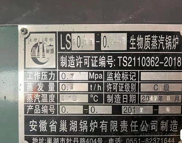 出售0.8吨颗粒蒸汽锅炉 9成新 使用2年
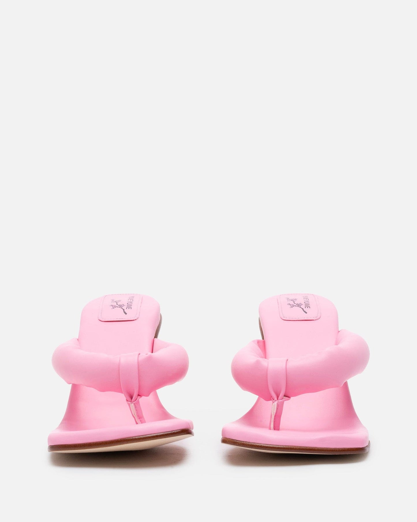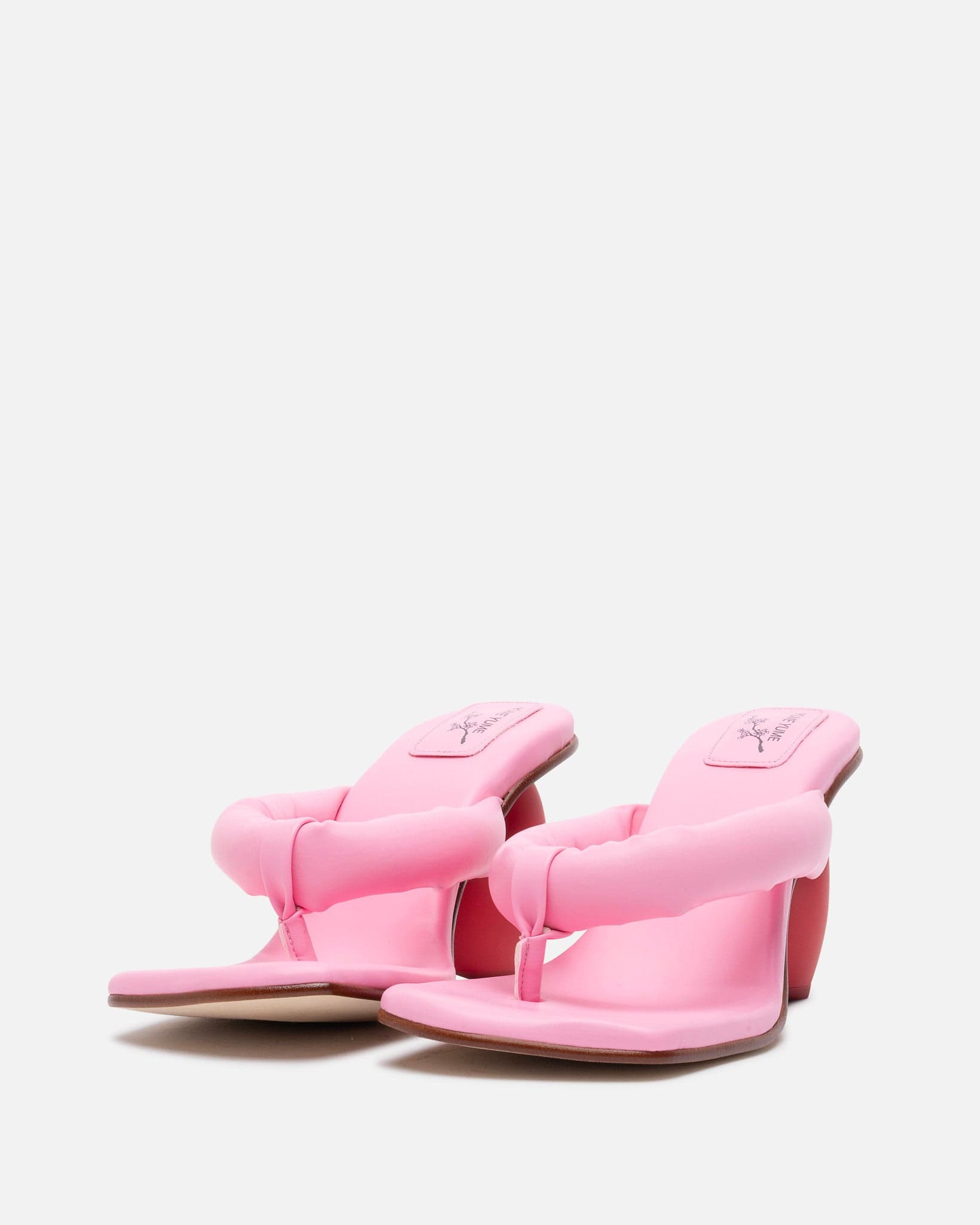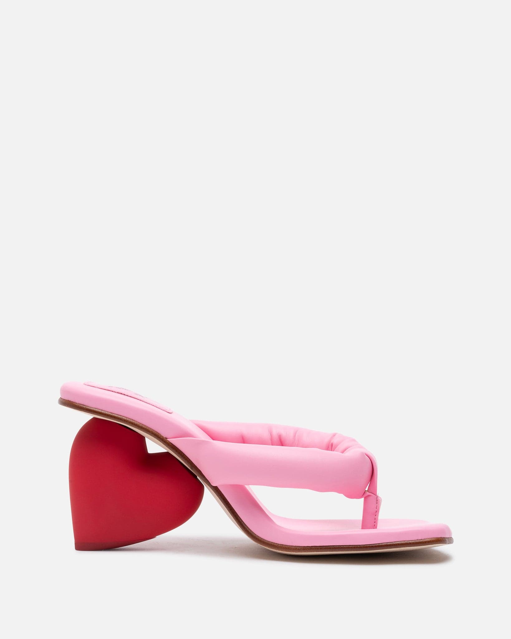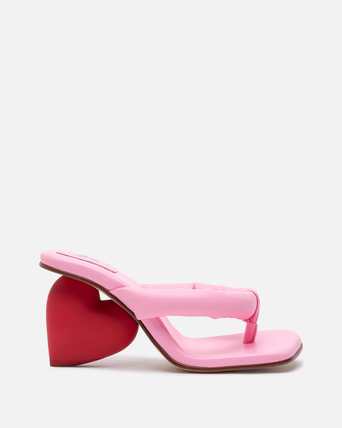 Yume Yume women's heart shaped heel in pink and red. The Love Heel features a padded thong strap at the toe and a padded heel strap to hold the foot in.
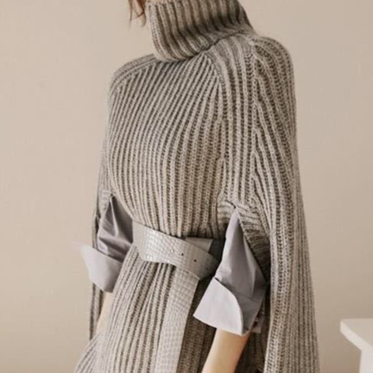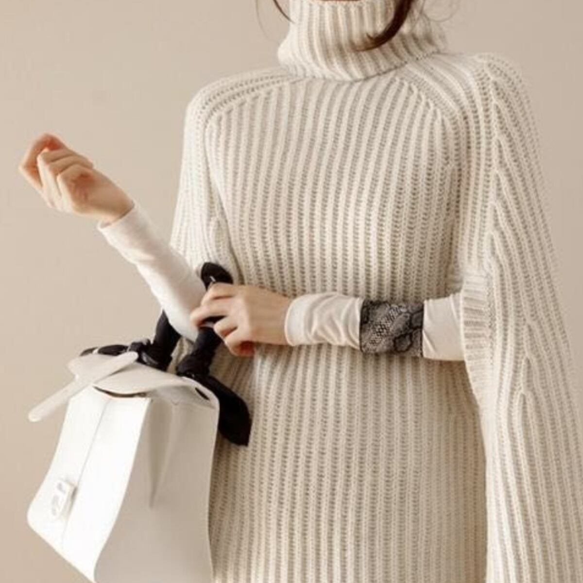 タートルネックのポンチョデザインは、一枚で主役級の存在感を放ちつつも、上品でおしゃれな雰囲気を漂わせます。

+---+

- [The task] Please retype the lines from the one that contains "Yume Yume women's" through the final line of the data, both included, without any pictures.

- [Answer to this task]
 Yume Yume women's heart shaped heel in pink and red. The Love Heel features a padded thong strap at the toe and a padded heel strap to hold the foot in.
 タートルネックのポンチョデザインは、一枚で主役級の存在感を放ちつつも、上品でおしゃれな雰囲気を漂わせます。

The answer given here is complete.